昭和24年(1949).1.10〔21歳(満19〜20歳)女ノド自慢3度合格が空巣〕
 東京都新宿の飲食店から衣類2点を盗んだ女(21)が2.3に捕まった。北海道出身で、ノド自慢放送で3度合格したことがある。盗んだ飲食店には住み込みで働いていた。
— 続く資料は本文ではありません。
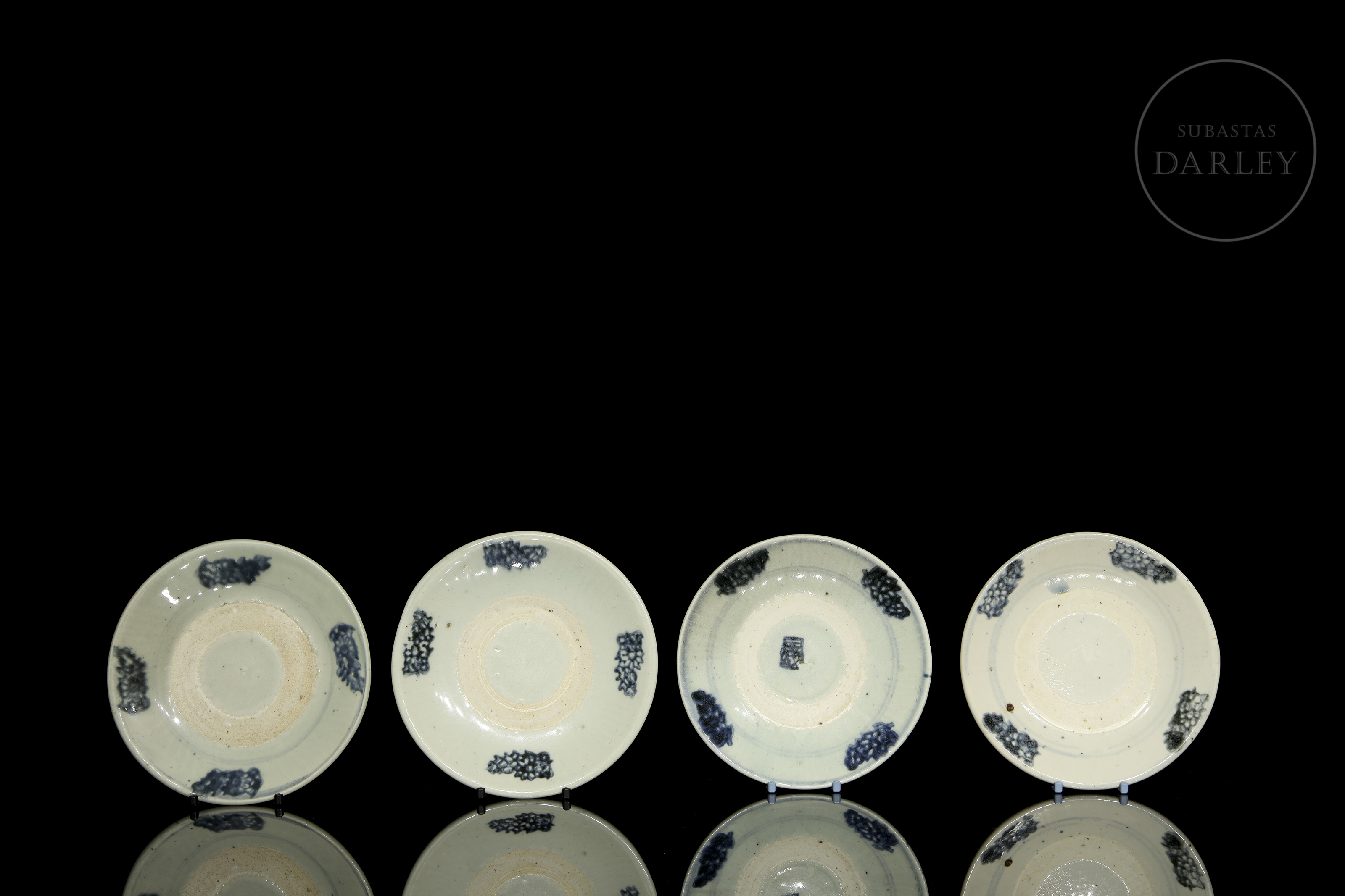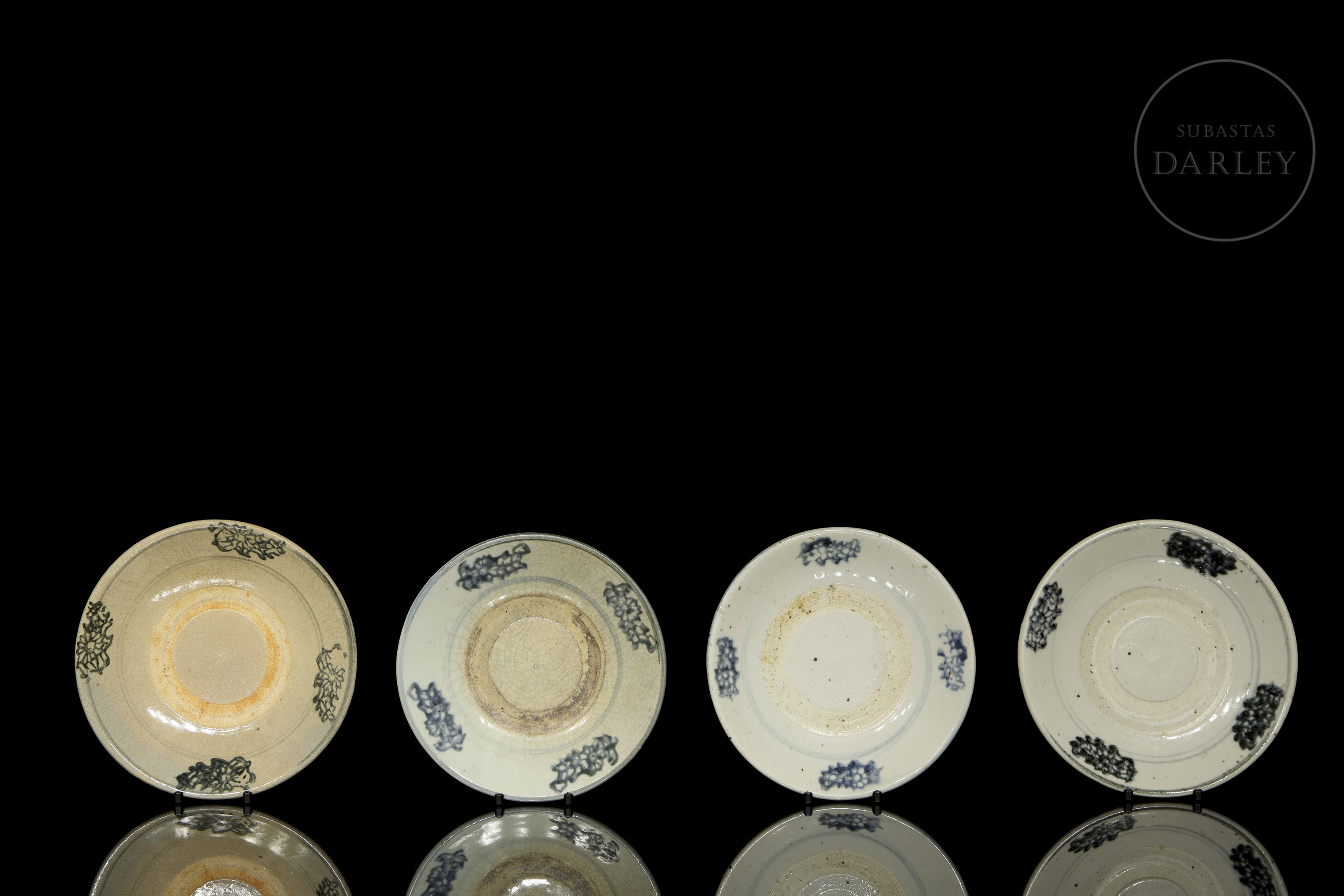 Cerámica esmaltada con decoración bajo vidriado en blanco y azul grisáceo. Poseen un cuerpo circular y paredes ligeramente acampanadas, asentados sobre un pequeño pie anular. Están decorados con un motivo de líneas y volutas (o ideogramas) dispuestos tanto en la cara superior como inferior del ala. Dinastía Ming (1368-1644).

昭和24年(1949).1.13〔中3(満14〜15歳)ら2人組が遊びのため8件の放火〕
 東京都文京区で、中学3年生(16)と少年(16)の2人が13日夜から連続8件の放火をして、29日に捕まった。普通の遊びに飽きて放火を思いついたもの。窃盗の補導歴がある。


昭和24年(1949).1.19〔18歳が毒殺未遂〕
 東京杉並区の工員(18)が友人の店員(18)と2人で遊興費稼ぎの店員が務める荒物商の一家3人を毒殺するつもりだったが怖くなったと自首してきた。2人を殺人未遂で検挙し、工員が工場から盗んだ青酸カリを押収した。


昭和24年(1949).2.3〔18歳が窃盗殺人〕
 東京新宿区の洋服店から泥棒が品物を運び出しているのを近所の高校3年生(19)が見つけて追い詰めたが逆にナイフで刺されて殺害された。ほかの住人によって犯人(18)は取り押さえられ、仲間の少年4人もすぐに逮捕された。5人組は余罪31件を自供した。


昭和24年(1949).2.12〔18歳(満16〜17歳)が知り合いを強盗殺人〕
 福島県郡山市で、無職(18)が市役所職員宅に行って、妻を「息子さんが用があるから」と連れ出して海軍ナイフで滅多切りにして殺害、また市役所職員宅に戻ってナイフで主人を脅して千円を強奪、足りないので服もよこせと要求したが、主人が逃げたので追っかけて顔などを滅多刺しにして重傷を負わせ逃走、すぐに逮捕された。この家にはよく出入りしてこづかいなどももらっていた。取調べにも反省の色はまったくなく、刑事からもらったタバコを吹かしながら、ズボンを買うための金が欲しくて前から殺すことを計画していたと自供。大工の長男。


昭和24年(1949).2.20〔高3(満17〜18歳)ら6人組が万引き団〕
 福島県若松市で、県立高校3年生(19)が古着屋で上着を万引きして逃走、すぐに逮捕された。「かっぱらいの天才、われらの悪党王香具師の親分」と裏に書かれた同級生の写真6枚を所持しており、仲間が店主の気をそらしている隙に万引きを繰り返していた。また、家から米2俵を盗んで売って現金千7百円を持っていた。この年の銀行員大卒初任給3千円。


昭和24年(1949).3.1〔神田学生街での万引〕
 東京都千代田区神田学生街で、警視庁少年課は2.1〜3.1の1ヶ月で52人の万引学生を捕まえた。小学生21人、新制中高生30人。ほとんどが中流家庭で、小遣かせぎ、友人の万引きをみて金を出して買うのが馬鹿らしいなどの理由。本のほかに万年筆、ボールペン、グローブ、ローラースケートなど。


昭和24年(1949).3.5〔19歳ら夫婦が70件のスリ〕
 千葉県松戸市の男(21)とその内妻(19)がスリで捕まった。昨年10月から省線で70件。生活ぶりは豪華だった。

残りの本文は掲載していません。